Material for the task -

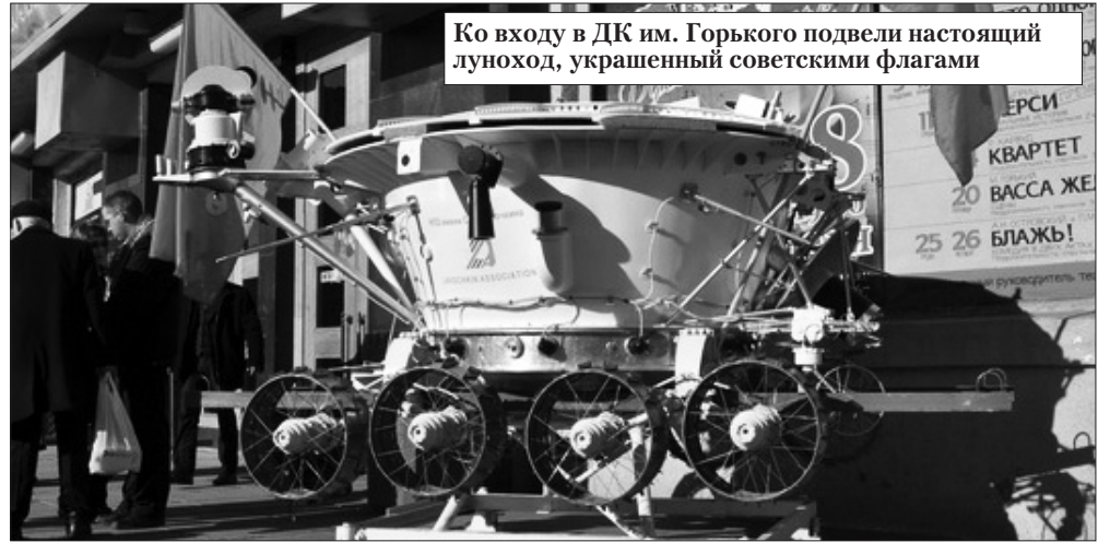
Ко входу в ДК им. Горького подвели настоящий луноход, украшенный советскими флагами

==

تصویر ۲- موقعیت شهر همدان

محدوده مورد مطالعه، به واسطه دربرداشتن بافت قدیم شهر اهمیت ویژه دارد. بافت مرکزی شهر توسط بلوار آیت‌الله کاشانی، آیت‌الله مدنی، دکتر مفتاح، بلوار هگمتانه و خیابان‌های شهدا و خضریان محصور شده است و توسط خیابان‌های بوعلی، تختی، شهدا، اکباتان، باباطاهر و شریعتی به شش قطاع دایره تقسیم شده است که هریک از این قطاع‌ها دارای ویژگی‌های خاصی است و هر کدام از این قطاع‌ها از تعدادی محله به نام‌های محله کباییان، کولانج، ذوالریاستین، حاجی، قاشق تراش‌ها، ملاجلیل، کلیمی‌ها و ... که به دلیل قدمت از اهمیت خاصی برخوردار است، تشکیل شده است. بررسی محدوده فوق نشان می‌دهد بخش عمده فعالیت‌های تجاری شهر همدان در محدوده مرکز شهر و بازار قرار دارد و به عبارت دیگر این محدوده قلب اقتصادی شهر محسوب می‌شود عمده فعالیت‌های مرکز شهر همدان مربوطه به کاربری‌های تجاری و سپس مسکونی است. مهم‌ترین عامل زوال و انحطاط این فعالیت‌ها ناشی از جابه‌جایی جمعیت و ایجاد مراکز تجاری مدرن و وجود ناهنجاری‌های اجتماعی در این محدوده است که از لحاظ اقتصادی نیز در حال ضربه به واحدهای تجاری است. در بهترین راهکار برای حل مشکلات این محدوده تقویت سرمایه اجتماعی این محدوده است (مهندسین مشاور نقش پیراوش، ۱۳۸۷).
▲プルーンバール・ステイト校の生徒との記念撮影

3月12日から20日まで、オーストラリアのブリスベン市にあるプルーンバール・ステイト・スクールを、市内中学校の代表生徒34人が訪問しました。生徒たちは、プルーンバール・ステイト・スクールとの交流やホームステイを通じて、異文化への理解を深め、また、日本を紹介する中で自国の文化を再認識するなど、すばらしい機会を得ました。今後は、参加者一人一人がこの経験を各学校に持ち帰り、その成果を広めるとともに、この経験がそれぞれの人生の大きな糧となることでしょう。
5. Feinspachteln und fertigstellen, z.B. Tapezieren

Problem requirements -
Whenever a line of the records holds the string "همدان", pick it out and copy it.

Exercise solution -
تصویر ۲- موقعیت شهر همدان
محدوده مورد مطالعه، به واسطه دربرداشتن بافت قدیم شهر اهمیت ویژه دارد. بافت مرکزی شهر توسط بلوار آیت‌الله کاشانی، آیت‌الله مدنی، دکتر مفتاح، بلوار هگمتانه و خیابان‌های شهدا و خضریان محصور شده است و توسط خیابان‌های بوعلی، تختی، شهدا، اکباتان، باباطاهر و شریعتی به شش قطاع دایره تقسیم شده است که هریک از این قطاع‌ها دارای ویژگی‌های خاصی است و هر کدام از این قطاع‌ها از تعدادی محله به نام‌های محله کباییان، کولانج، ذوالریاستین، حاجی، قاشق تراش‌ها، ملاجلیل، کلیمی‌ها و ... که به دلیل قدمت از اهمیت خاصی برخوردار است، تشکیل شده است. بررسی محدوده فوق نشان می‌دهد بخش عمده فعالیت‌های تجاری شهر همدان در محدوده مرکز شهر و بازار قرار دارد و به عبارت دیگر این محدوده قلب اقتصادی شهر محسوب می‌شود عمده فعالیت‌های مرکز شهر همدان مربوطه به کاربری‌های تجاری و سپس مسکونی است. مهم‌ترین عامل زوال و انحطاط این فعالیت‌ها ناشی از جابه‌جایی جمعیت و ایجاد مراکز تجاری مدرن و وجود ناهنجاری‌های اجتماعی در این محدوده است که از لحاظ اقتصادی نیز در حال ضربه به واحدهای تجاری است. در بهترین راهکار برای حل مشکلات این محدوده تقویت سرمایه اجتماعی این محدوده است (مهندسین مشاور نقش پیراوش، ۱۳۸۷).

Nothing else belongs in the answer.